-- Exercise brief --
Leave out the images and repeat the listing below without a single change.
********************
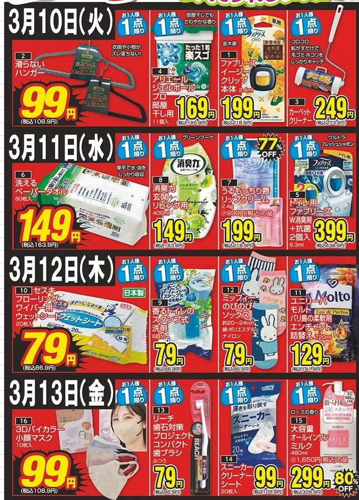衣料品、雑貨を激安で販売しております。 肌着や靴下、タオルやパジャマなど実用衣料も充実! 毎週開催のチラシセールにはびっくりするような超目玉品が目白押しです。
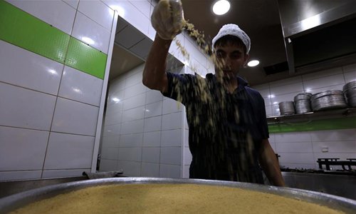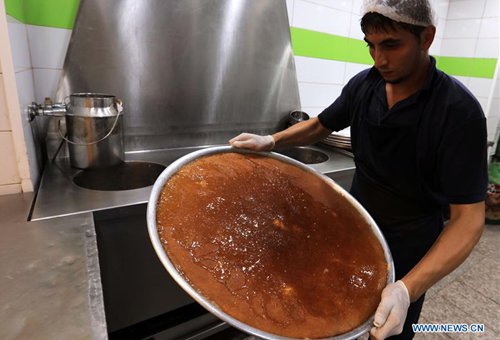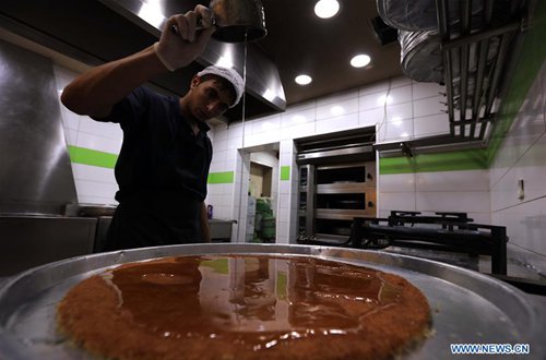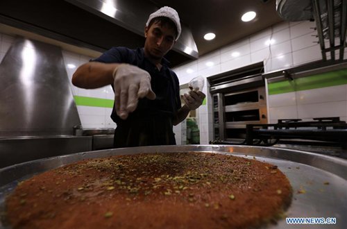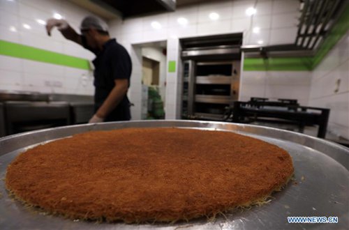 A baker makes kunafa at a store in Amman, Jordan, Sept. 8, 2019. Kunafa is a traditional Arabic dessert made of cheese, flour, syrup, and added with nuts as ingredients. (Photo: Xinhua/Mohammad Abu Ghosh)
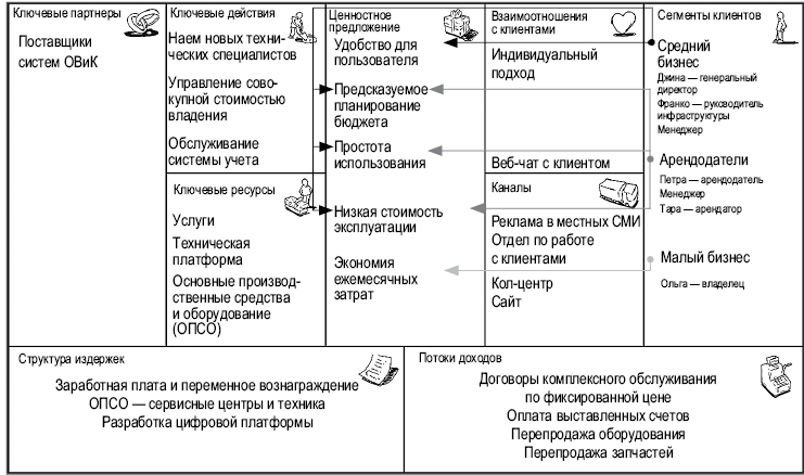 Клиенты из сегмента среднего бизнеса ценят возможность отдавать обслуживание систем ОВиК на аутсорсинг — мы помогаем им пользоваться системами ОВиК более эффективно и экономим их деньги (в долгосрочной перспективе), сокращая накладные расходы на обслуживание. Наше ценностное предложение и способность его реализовывать — это то, что в настоящее время приносит нам прибыль. Если конкретно, то эта способность измеряется в количестве клиентов из этого сегмента, которых мы удерживаем или переводим на договоры комплексного обслуживания по фиксированной цене (в противоположность договорам об оказании разовых услуг).
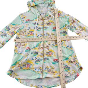 Crown & Ivy Womens Tropical Print Zip-Up Hoodie Jacket Medium Cotton/Polyester
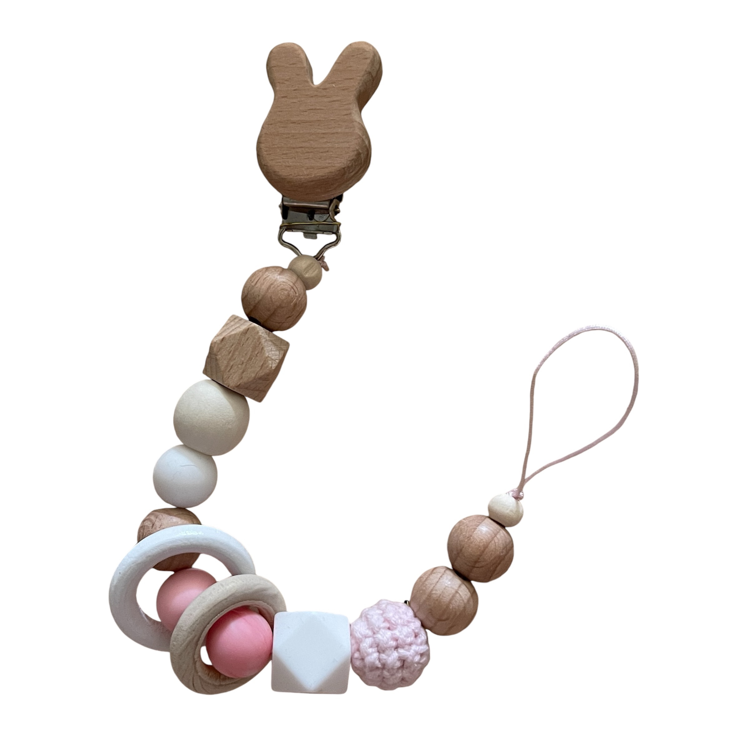 بند پستانک با سری خرسی از جنس چوب راش و مهره های به کار رفته از جنس سیلیکون و چوب روس میباشد. فاقد مواد سمی و دارای بسته بندی شکیل که مناسب هدیه دادن میباشد.
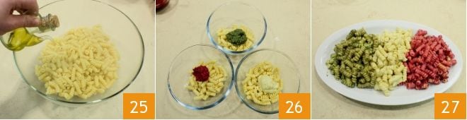 Würzen Sie sie mit etwas Öl 25 und teilen Sie sie auf drei Schüsseln auf, um sie mit den drei verschiedenen Pestos zu würzen 26 (falls nötig, fügen Sie etwas Kochwasser hinzu, um die Pasta cremiger zu machen). Auf diese Weise servieren Sie die Pasta mit drei Pestos in einem dreifarbigen Teller, um alle zu kosten 27!
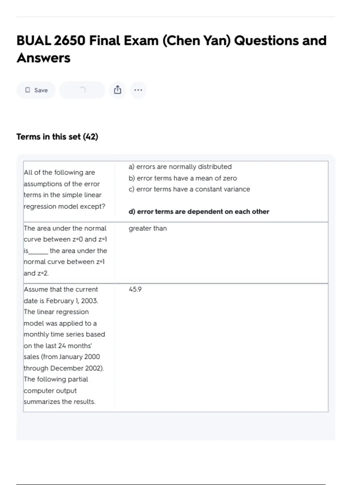 BUAL 2650 Final Exam (Chen Yan) Questions and
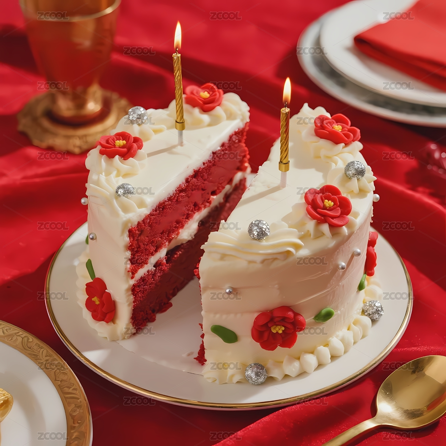 切开的红色天鹅绒蛋糕装饰有花朵和蜡烛
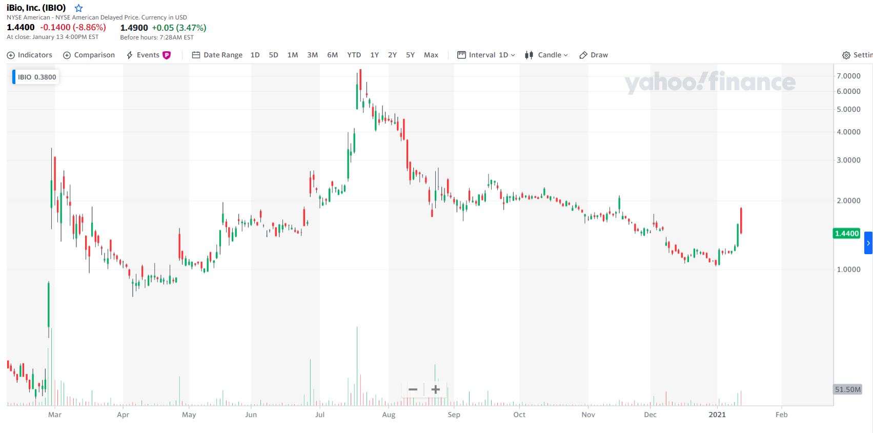 Quando vi o teu comentário sobre a IBIO, fiquei curioso e fui ver o boneco e também gostei do que vi. Muito volume, coisa que gosto de ver. Consciente do risco que é entrar neste tipo de ações, decidi adquirir uma posição residual, para ver no que vai dar. Se a cotação quebrar o prejuízo também não será significativo. Talvez a M50 aguente o preço. Recentemente fizeram um emissão de novas ações (diluição). Na minha humilde opinião, é uma ação especulativa, tanto pode ir aos céus como dar um enorme trambolhão. Acredito que muito do movimento vendedor tem a ver com o despejar das ações adquiridas na recente oferta. Fala-se que estão próximos de poderem vir a ter luz verde num dos ensaios clínicos de uma vacina covid.
********************
-- Task output --
衣料品、雑貨を激安で販売しております。 肌着や靴下、タオルやパジャマなど実用衣料も充実! 毎週開催のチラシセールにはびっくりするような超目玉品が目白押しです。
 A baker makes kunafa at a store in Amman, Jordan, Sept. 8, 2019. Kunafa is a traditional Arabic dessert made of cheese, flour, syrup, and added with nuts as ingredients. (Photo: Xinhua/Mohammad Abu Ghosh)
 Клиенты из сегмента среднего бизнеса ценят возможность отдавать обслуживание систем ОВиК на аутсорсинг — мы помогаем им пользоваться системами ОВиК более эффективно и экономим их деньги (в долгосрочной перспективе), сокращая накладные расходы на обслуживание. Наше ценностное предложение и способность его реализовывать — это то, что в настоящее время приносит нам прибыль. Если конкретно, то эта способность измеряется в количестве клиентов из этого сегмента, которых мы удерживаем или переводим на договоры комплексного обслуживания по фиксированной цене (в противоположность договорам об оказании разовых услуг).
 Crown & Ivy Womens Tropical Print Zip-Up Hoodie Jacket Medium Cotton/Polyester
 بند پستانک با سری خرسی از جنس چوب راش و مهره های به کار رفته از جنس سیلیکون و چوب روس میباشد. فاقد مواد سمی و دارای بسته بندی شکیل که مناسب هدیه دادن میباشد.
 Würzen Sie sie mit etwas Öl 25 und teilen Sie sie auf drei Schüsseln auf, um sie mit den drei verschiedenen Pestos zu würzen 26 (falls nötig, fügen Sie etwas Kochwasser hinzu, um die Pasta cremiger zu machen). Auf diese Weise servieren Sie die Pasta mit drei Pestos in einem dreifarbigen Teller, um alle zu kosten 27!
 BUAL 2650 Final Exam (Chen Yan) Questions and
 切开的红色天鹅绒蛋糕装饰有花朵和蜡烛
 Quando vi o teu comentário sobre a IBIO, fiquei curioso e fui ver o boneco e também gostei do que vi. Muito volume, coisa que gosto de ver. Consciente do risco que é entrar neste tipo de ações, decidi adquirir uma posição residual, para ver no que vai dar. Se a cotação quebrar o prejuízo também não será significativo. Talvez a M50 aguente o preço. Recentemente fizeram um emissão de novas ações (diluição). Na minha humilde opinião, é uma ação especulativa, tanto pode ir aos céus como dar um enorme trambolhão. Acredito que muito do movimento vendedor tem a ver com o despejar das ações adquiridas na recente oferta. Fala-se que estão próximos de poderem vir a ter luz verde num dos ensaios clínicos de uma vacina covid.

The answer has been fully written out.